Алина Александровна Пуаро

Ship's Life, или «Океаны нам по щиколотку!»

Nobody said it would be easy

Nobody gives you guarantees

'Cos a heart can always be broken

And there can be no loving without tears

Runaway to a place where nobody knows

Runaway gotta let this feeling go

Runaway if I can't find love,

I'm gonna runaway

Nobody's looking for perfection

How could they give it in return

But I told my heart to believe you

And you just gave your love to anyone

Runaway to a place where nobody knows

Runaway, gotta let these feelings go

Runaway, 'cause I don't wanna hurt anymore

Though my heart is always searching

If can't find love I'm gonna runaway

Cher.

Часть 1. Си вумен

Глава 1. За опыт сколько не плати…

— Прости, за то, что делаю тебе больно… — его голос шепотом разорвал уже погружающееся в сон сознание девушки.

— Что бы простить, надо понять, а я не понимаю!

Остатки сна моментально слетели с нее, и Алина скорчила недовольную гримасу. У Сашки была странная привычка выяснять отношения по ночам. Она вздохнула. Сегодня был тяжелый день, она наконец-таки подала на развод, и была совершенно не уверенна в том, что сделала все правильно, но кажется, иного выхода не существовало. «Нам надо расстаться, чтобы стать ближе…» строчку из этой, когда-то популярной песни, она упрямо распевала всю неделю. В последние два месяца она совершенно отчетливо поняла, что муж ей по-прежнему нужен, и больше всего на свете ей хочется его вернуть. И все же сегодня Алина сделала это, просидев два часа у адвоката Станкевича, слушая объяснения хода бракоразводного процесса с иностранным гражданином, с которым прожила два года, и о местонахождении которого сейчас понятия не имела.

— Последнее время мы только и делаем, что друг другу больно. Зачем?

Она почувствовала, как он напрягся под одеялом.

— Что зачем? — Сашкин голос звучал приглушенно. Алина прислушалась, затаив дыхание, она слишком боялась его слез. Слишком.

— Зачем это продолжать? Ты ведь все и так понимаешь.

— Понимаю.

— Тогда зачем? Дай Бог, через несколько недель я уеду из страны и начну все с начала. Ведь я сама во всем виновата, и готова расплатиться за свои ошибки, но я не стану тут жить. Не хочу и не буду. Ты лучше других это знаешь.
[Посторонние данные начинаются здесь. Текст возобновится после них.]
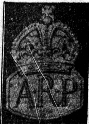
With Britain concentrating on the expansion of her Air Force and the protection of civilians against raids, volunteers accepted for Air Raid Precaution services are being equipped with the special badge shown above, the three letters plainly signifying the particular branch of service. Sir Samuel Hoare yesterday called for 1,000,000 such volunteers.
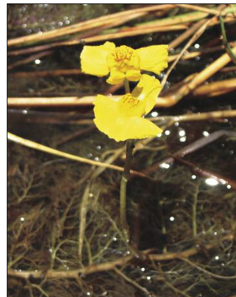
Utricularia australis flowering in the wild.

Many months later the system is still stable (pH 6.5). I have removed the old grass cuttings and replaced them with new ones. This should be done every two to three months for the carnivorous plants to
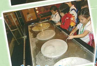
參觀香港科學館 Visit Hong Kong Science Museum
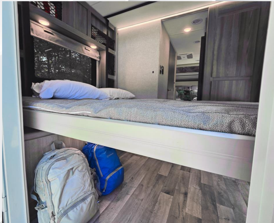
Queen Size Bed in lowered position

Bed in partially lowered position; provides good sleeping and storage space
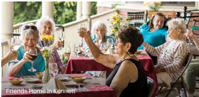
Friends Home in Kennett
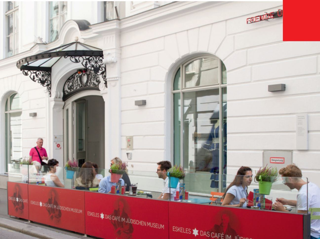
Jewish Museum Vienna – Palais Eskeles
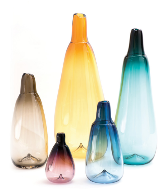
From left: Shape 3, Shape 1, Shape 5, Shape 2, Shape 4
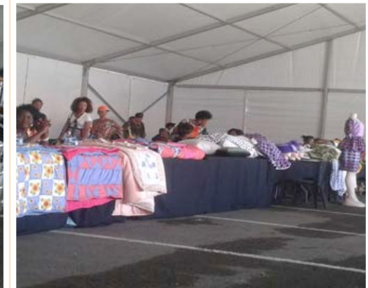
Various small businesses at the event.
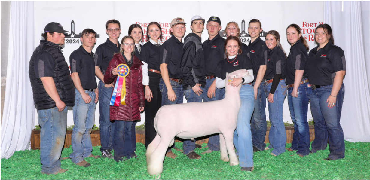
NOC Sheep Center with the Champion Ram at the Ft. Worth Show.
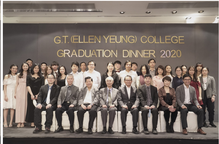
Class photo of 12B: The chance is for those who wait
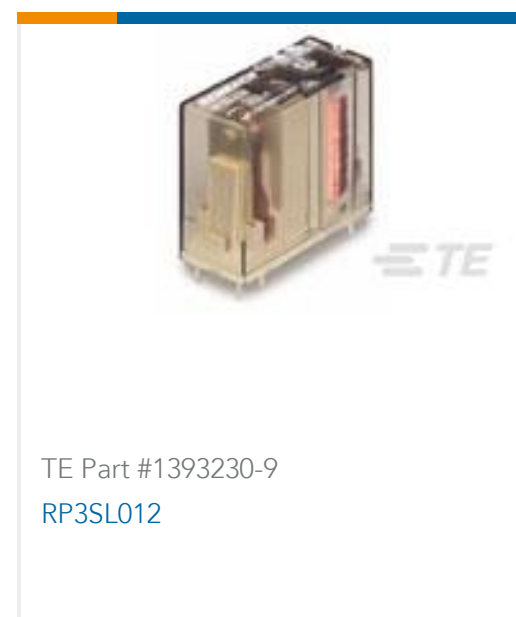
TE Part #1393230-9 RP3SL012
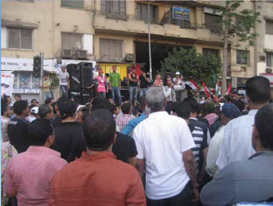
"The People demand social justice," Cairo, August 2011

a rhetoric opposing ethnicity and hiding behind that a more important social class issue. In contrast to the French case, the core group of the protest in Israel belonged to the middle class, educated young people, who are not wealthy, in relative terms. Pierre Bourdieu would define this group as having much cultural capital, and relatively little material capital. This group spoke in the name of the people and attracted the middle class and the periphery; but it remained a middle-class protest, leaving many groups outside, such as the ultra-Orthodox, the national-religious, and the working class. It was the first protest against the liberal revolution that centers on Netanyahu's privatization policy, and against the breach of the Republican social contract which obliges the state to ensure welfare, education, health care and housing for the middle class. This is a class that has retreated from political and public involvement to the private domains of high-tech and making money, and that is connected with the global elite and Israeli capital in their support of the neo-liberal revolution. Although
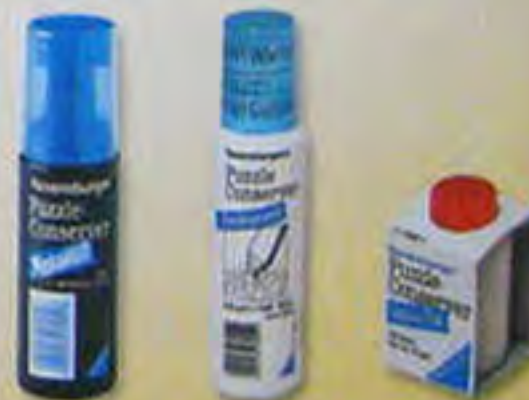
• 17955 8
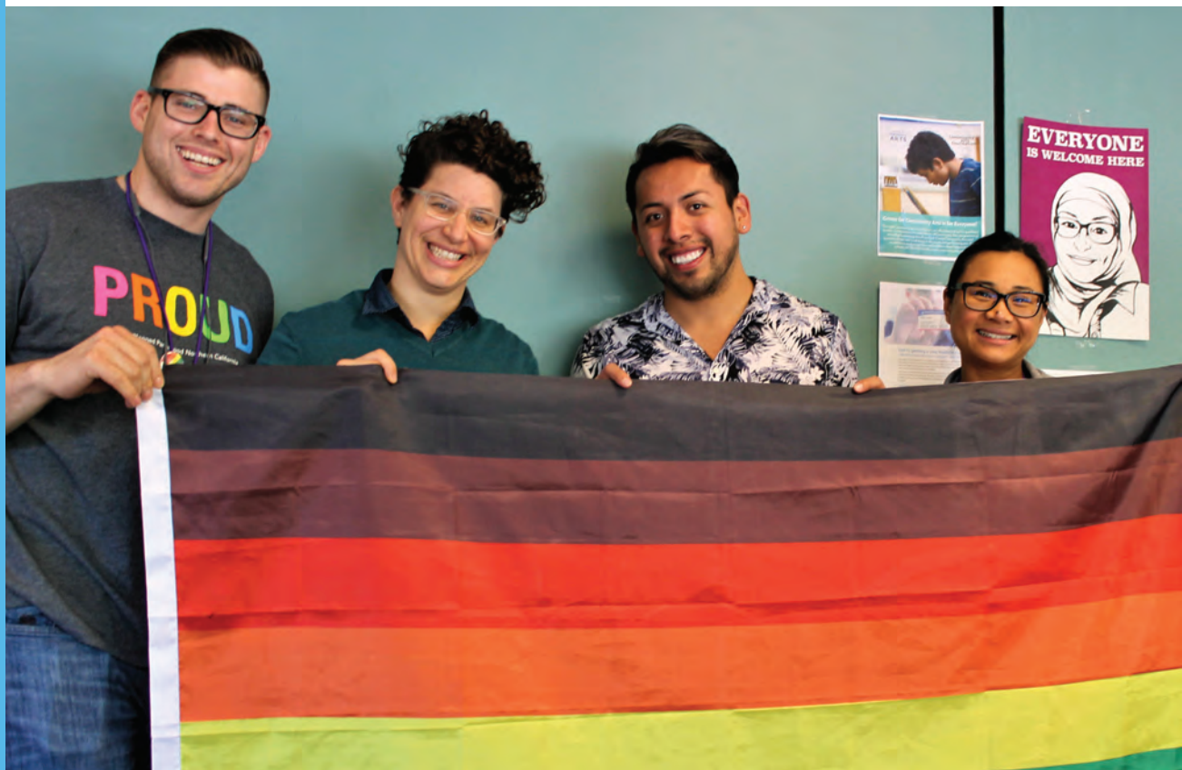
Horizons proudly supports Rainbow Community Center with a 2017 Community Issues Grant.

— Знаю. — голос звучал совсем обреченно.

Алина пыталась не терять терпение.

— Тогда что?

— Я слишком боюсь тебя потерять. Пусть две недели, но они отдаляют разлуку. Ты уедешь, и для меня настанет ночь.

— Саш. Прекрати….

Он протянул руку и обнял ее поверх одеяла, крепко прижал к себе и тут же отпустил, зная, что она будет возмущаться, и вырываться, объясняя, что не может дышать. Он давно не позволял себе ничего больше и их связывали только платонические отношения, но временами он не мог сдержать своей нежности и любви, выражая чувства хотя бы так, просто объятиями. Алина промолчала, чувствуя, что уснуть ей сегодня не придется. Молодая женщина, еще можно сказать, девушка лежала в постели, широко раскрыв глаза, и с тоской пыталась рассмотреть что-то за большими окнами веранды.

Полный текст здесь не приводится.